We discuss the significance of events for bbh case. In table 5, if we call the events whose $q$ -value is smaller than $0.05$ significant, the top 13 events are called significant. In N20 , these 13 events are called significant since $P_{\rm astro}$ is larger than 0.5. Thus, the results of $q$ -value and $P_{\rm astro}$ are consistent each other. On the other hand, we obtain a different result for 151205+19:55:25. The $q$ -value of this event is 0.07, while $P_{\rm astro}$ is 0.525. Thus, this is definitely a marginal event. If we call events with $q$ -value less than 0.05 significant, this event can not be called significant. On the other hand, in N20 , this event is called significant, since $P_{\rm astro}$ is larger than 0.5, and is identified as a new marginal binary black hole merger, GW151205.

Finally, we investigate correspondence between $q$ -value and FAR. By linearly fitting the data in Figs. 4 and 4, we can evaluate that $p$ -value of $10({\rm sec})/30({\rm days})=3.9\times 10^{-6}$ corresponds to the $q$ -value of $0.463$ and $0.377$ , respectively.
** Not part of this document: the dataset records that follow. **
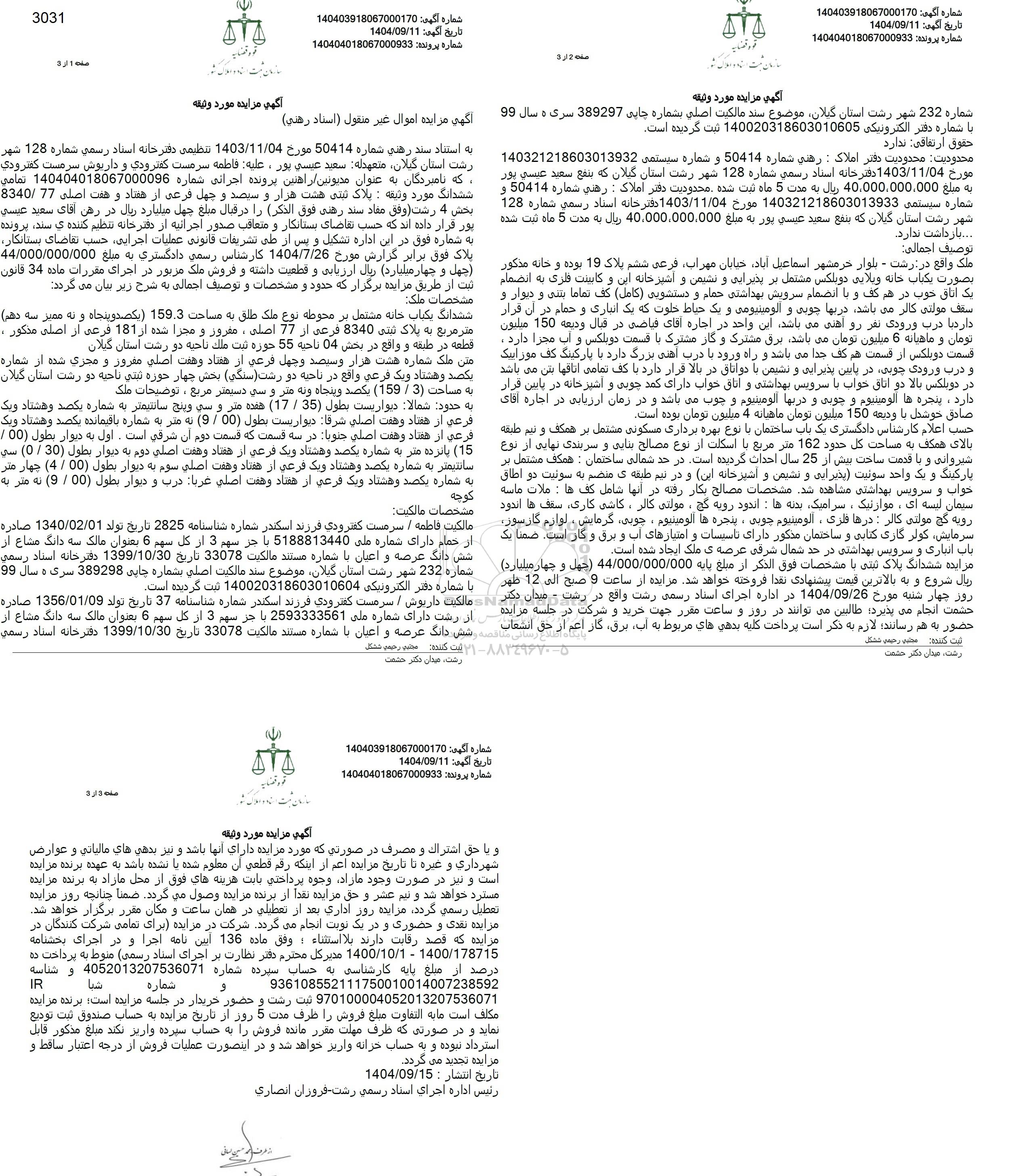 تاریخ مزایده از ساعت 9 صبح الی 12 ظهر روز 4شنبه مورخ 1404.09.26 در اداره اجرای اسناد رسمی رشت واقع در رشت - میدان دکتر حشمت
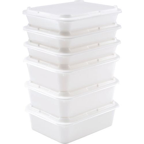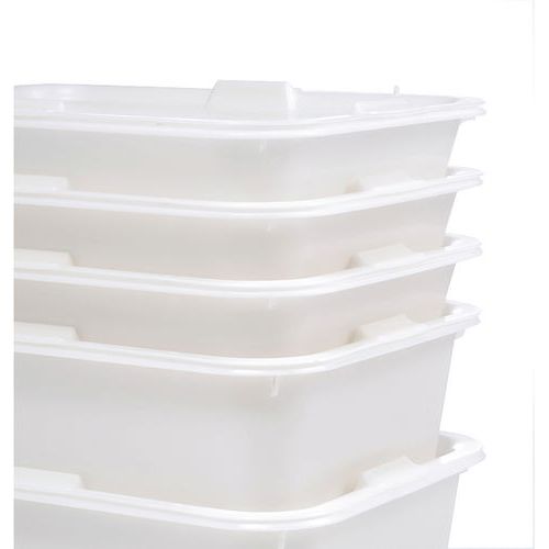 Rechthoekige deegbak. Hoge weerstand tegen temperatuurschommelingen. Flexibiliteit en hoge schokbestendigheid. Compatibel met dienbladenwagen
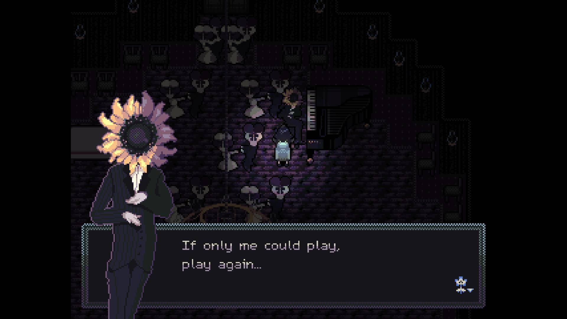 –Forget-Me-Not is a short game involving hidden switches and correct conversational responses, each designed to keep the music playing and the plants from murdering our protagonist.
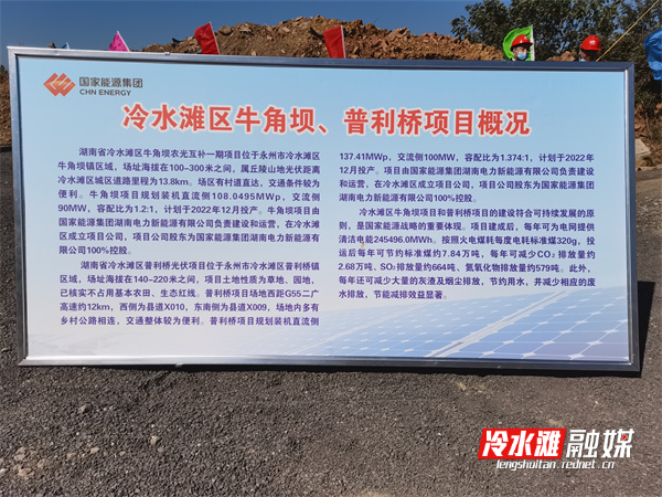 此次开工项目由国家能源集团湖南电力新能源有限公司开发建设,是该公司在湖南省首个独资建设的大型集中式光伏发电项目,包含冷水滩区普利桥100MV光伏项目和90MV牛角坝农光互补一期光伏项目,两个分项目均计划于2022年12月投产。项目建成后,每年可为冷水滩区提供清洁电能约2.45亿千瓦时。按照火电煤耗每度电耗标准煤320克计算,该项目投运后每年可节约标准煤约7.84万吨,每年可减少二氧化碳排放量约2.68万吨、二氧化硫排放量约664吨、氮氧化物排放量约579吨,每年还可减少大量的灰渣及灰尘排放,节约用水,具有良好的经济效益和社会效益。

The $q$ -value of 0.05 corresponds to one per 384 days and one per 319 days of FAR, respectively. Thus, as in the case of 1-OGC, the $q$ -value threshold of 0.05 is more stringent than the FAR of one per 30 days.

5 Summary and Discussion

In this paper, we presented a consistent procedure to assess the significance of each event. We proposed an estimator of the $p$ -values (4) of a particular event in the statistical hypothesis testing by using the empirical distribution of detection statistic without any assumption on the background distribution. Generally, $p$ -value should follows a uniform distribution if all events are originated from noise. The $p$ -value defined in (4) has this property. On the other hand, the $p_{\rm conv}$ defined in (1) does not have this property in general. We thus believe that the $p$ -value in (4) is more useful to assess the significance of each event than $p_{\rm conv}$ in (1). Moreover, we proposed a consistent procedure to evaluate $q$ -value which is a measure of FDR. In this procedure, we use a property that $p$ -values follow the uniform distribution under the null hypothesis, and we don’t need any assumptions on the distribution of signals. We apply this procedure to 1-OGC and 2-OGC catalog data N18 N20 . There is already a procedure which was introduced to evaluate $q$ -value in the literature ST03 . However, since not all events in the analysis are available in the catalogs, we proposed a new procedure to evaluate $q$ -value which is a modified version of the original one.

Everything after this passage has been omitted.